Kyle J. Tschiegg, 39, of Sarasota, Fla., was sentenced on Jan. 7, 2010, in U.S. District Court in Columbus, Ohio, by Senior U.S. District Judge James L. Graham. Tschiegg was also sentenced to three years of supervised release following his prison term, and was ordered to pay restitution to victims who incurred financial losses responding to Tschiegg’s threats and computer intrusions. Tschiegg pleaded guilty on Sept. 4, 2009, to one count each of interstate transmission of threatening communications, interstate extortion, computer fraud and identity theft.
According to court documents, Tschiegg sent threats via e-mail and cell phone to a group of approximately 40 individuals and businesses in Ohio, Florida and elsewhere, from October 2007 until his arrest in February 2009. At one point, approximately 3,500 e-mail accounts were being copied on the threatening e-mails.
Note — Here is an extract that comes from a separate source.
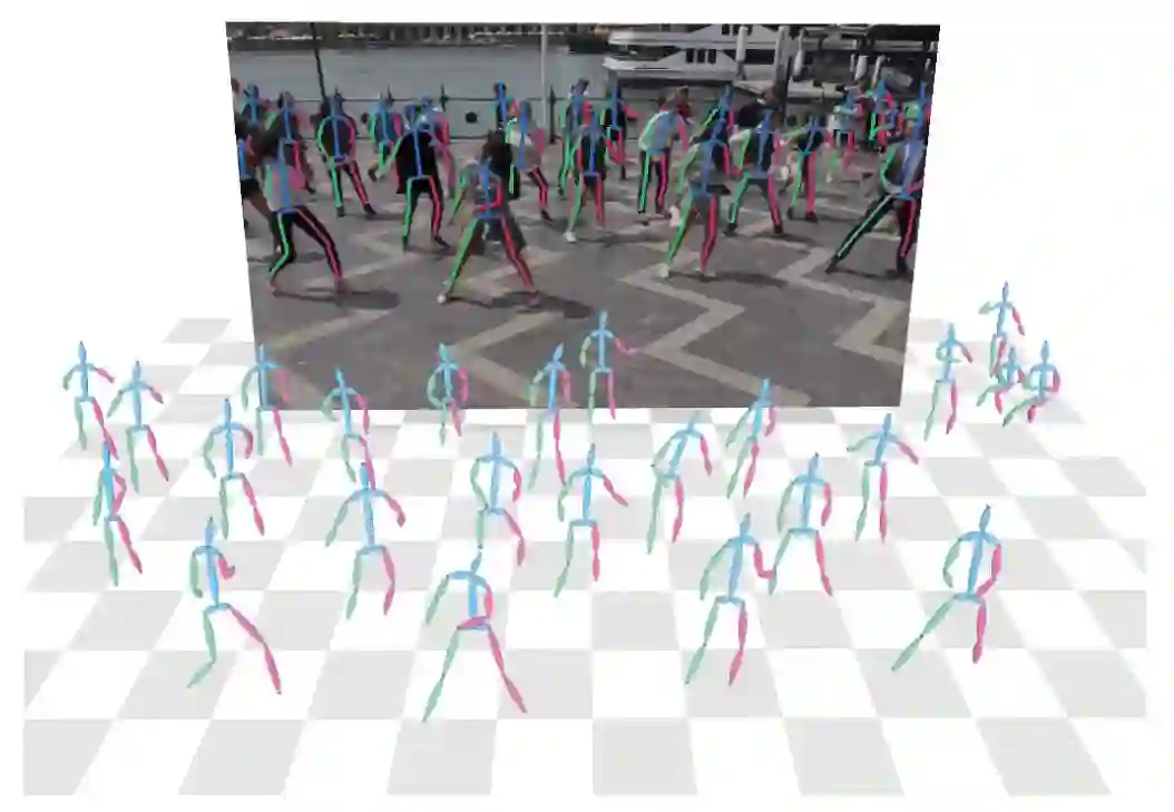 当前大多数方法对检测到的人体区域进行裁剪后,分别估计绝对位置。有的方法利用检测框的大小作为人体尺寸的先验,通过网络回归深度信息,但是这样的方法忽略了图像的全局信息;另外一些方法基于一些假设,通过后处理的手段估计人体深度,如地面约束,但是这样的方法依赖于姿态估计的准确度,而且很多假设在实际场景中无法满足(比如人脚不可见)。

Tschiegg admitted he used several methods to conceal his identity, including using his laptop computer to access the Internet through the unsecured wireless networks of his neighbors in Sarasota.
Also according to court documents, Tschiegg hacked into a Florida state legislator’s e-mail account in October 2008. According to court records, Tschiegg used personal information he found about the legislator on the Internet to reset the legislator’s password. Less than two weeks before the Nov. 4, 2008, election, Tschiegg admitted he sent two e-mails threatening to injure the legislator, the legislator’s family and supporters, unless the legislator withdrew from the race.
The charges arose after a six-month investigation, led by the FBI and with assistance from the Sarasota County, Fla., Sheriff’s Office. The case was prosecuted by Assistant U.S. Attorney Deborah A. Solove for the Southern District of Ohio and Trial Attorney Joseph E. Springsteen of the Criminal Division’s Computer Crime and Intellectual Property Section, with assistance from Assistant U.S. Attorney Laurel Moore of the U.S. Attorney’s Office for the Middle District of Florida.